Now we are ready to parse the client's request. This will allow us to return different responses based on what the client sent us. The proper way to go about this would be reading the HTTP specification and implement the parser accordingly, but starting with an approximation is good enough for now. Here's an example of HTTP request:

GET / HTTP/1.1
Host: 127.0.0.1:8080
Connection: keep-alive
sec-ch-ua: "Not(A:Brand";v="99", "Brave";v="133", "Chromium";v="133"
sec-ch-ua-mobile: ?0
sec-ch-ua-platform: "Windows"
Upgrade-Insecure-Requests: 1
User-Agent: Mozilla/5.0 (Windows NT 10.0; Win64; x64) AppleWebKit/537.36 (KHTML, like Gecko) Chrome/133.0.0.0 Safari/537.36
Accept: text/html,application/xhtml+xml,application/xml;q=0.9,image/avif,image/webp,image/apng,*/*;q=0.8
Sec-GPC: 1
Accept-Language: en-US,en;q=0.6
Sec-Fetch-Site: none
Sec-Fetch-Mode: navigate
Sec-Fetch-User: ?1
Sec-Fetch-Dest: document
Accept-Encoding: gzip, deflate, br, zstd

I obtained this by simply adding a print statement in our server after recv (don't forget the null terminator!). The first line contains three things:

method
resource path
HTTP version

The method changes how the request is handled. The most common methods are

GET: The client is asking us for a resource
POST: The client is sending us some data

this is a bit simplistic, but we can focus on this later. You can think of a resource path as the file name the client is requesting. Though the resource may be something other than a file, for instance we could have a resource called /users which returns a list of users returned by the database.

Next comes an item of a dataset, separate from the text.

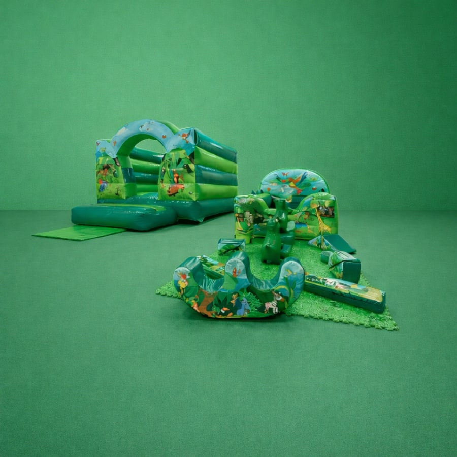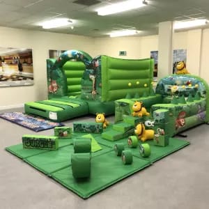 This is Perfect for all the cheeky toddlers and bigger kids so great for any party where the age gaps is big and you have both little ones and slightly older ones to entertain. The Bouncy Castle has an secured bouncing area with a low height so perfect for Low Height Venues and the Soft Play Set is fully matted with a ball pit and air jugglers, the floor is completely covered with fun and filled with Soft Play Shapes and a Matching Soft Play Rocker.

The version we'll support for now is HTTP/1.0, but this does not matter as version 1 and 1.1 use the same syntax. The first line terminates with a new line, which is made with a carriage return and newline character. In C, these characters are written as \r\n. After that, we have a list of headers, strings in the form:

name: value\r\n

we can mostly ignore these and only add support for specific ones as we need them. The one we are interested in is the Content-Length header, which tells us the length in bytes of the request payload. GET requests don't have a payload, so this header is not used. We will need it for POST requests. After the entire header list, we find a \r\n character, not considering the \r\n used to close the last header. If the request had a payload, this is where it would start. Just, to give you an example, this is how a POST request would look like:

POST /some-resource HTTP/1.0\r\n
host: 127.0.0.1\r\n
Content-Length: 15\r\n
\r\n
I'm the payload

Parsing a request

Now we start writing the parser. There are many ways one can go about parsing, This is the way I found is easier for HTTP. The basic idea is we have a pointer to the request bytes, a length, and a cursor. We read the bytes by advancing the cursor and extract information from it by adding it to a structure. When the cursor reaches the end, we have a structure with all the information from the request bytes, easily accessible for our server. The request structure looks like this:

1	typedef struct { char *data; int size; } string;
2
3	#define MAX_HEADERS 32
4
5	typedef enum {
6	HTTP_METHOD_GET,
7	HTTP_METHOD_POST,
8	} HTTPMethod;
9
10	typedef struct {
11	string name;
12	string value;
13	} HTTPHeader;
14
15	typedef struct {
16	int major;
17	int minor;
18	} HTTPVersion;
19
20	typedef struct {
21	HTTPMethod method;
22	string resource_path;
23	HTTPVersion version;
24	HTTPHeader headers[MAX_HEADERS];
25	int num_headers;
26	} HTTPRequest;
27

Notice how we created a helper structure for strings. This will come in handy for the entire project! The parsing function will use this interface:

1	bool parse_request(string src, HTTPRequest *dst)
2	{
3	int cur = 0;
4
5	// .. parsing code goes here ..
6	}
7

if we parsed the request successfully, true is returned. If some error occurred, then false is returned. When the we succede, the dst argument will be initialized. First, we parse the method. If the request doesn't start with GET or POST, we consider it an error:

1	if (3 < src.size
2	&& src.data[0] == 'G'
3	&& src.data[1] == 'E'
4	&& src.data[2] == 'T'
5	&& src.data[3] == ' ') {
6	dst->method = HTTP_METHOD_GET;
7	cur = 4;
8	} else if (4 < src.size
9	&& src.data[0] == 'P'
10	&& src.data[1] == 'O'
11	&& src.data[2] == 'S'
12	&& src.data[3] == 'T'
13	&& src.data[4] == ' ') {
14	dst->method = HTTP_METHOD_POST;
15	cur = 5;
16	} else {
17	// Invalid method
18	return false;
19	}
20

After this block, the cursor will point to the character that comes after the the first space, so the first character of the request path. The path goes from the first space to the second space.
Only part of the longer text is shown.